As the book goes on, the poverty bites and Sophia is in a constant battle between trying to keep Charles happy, to give Sandro what he needs and to keep the family’s head above water. Sometimes she is more successful than others. Inevitably the book takes a darker turn although the book’s tone never does as our protagonist continues to talk about events in an almost unnerving even voice.

There was no point being good or bad; everything was so dreadful in any case.

What a heart-breaking sentence! No major drama but those few words conjure up a whole level of misery that my longing was for someone to give this young woman some hope to keep her going. Of course all I could do was to keep reading and see where Sophia’s life led her…

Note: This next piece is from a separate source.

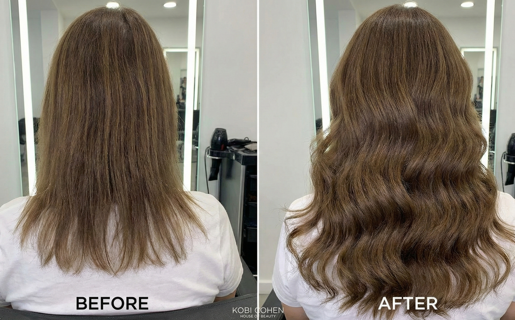 זהו הסוד המקצועי שלנו. רוב הספרים רק מחברים תוספות. קובי גוזר אותן. באמצעות טכניקת גזירה ייחודית (Blending), אנו מטשטשים לחלוטין את המעבר בין השיער הטבעי שלך (הקצר יותר) לבין התוספות הארוכות. השיער הופך ליחידה אחת זורמת, ללא "מדרגות" או סימנים מסגירים..

I loved the book and I’m glad to say Sophia’s life does improve and we are reading about something she relayed to her friend Helen after the events.

I told Helen my story and she went home and cried. In the morning her husband came to see me and bought some strawberries, he mended my bicycle, too, and was kind, but he needn’t have been because it all happened eight years ago, and I’m not unhappy now.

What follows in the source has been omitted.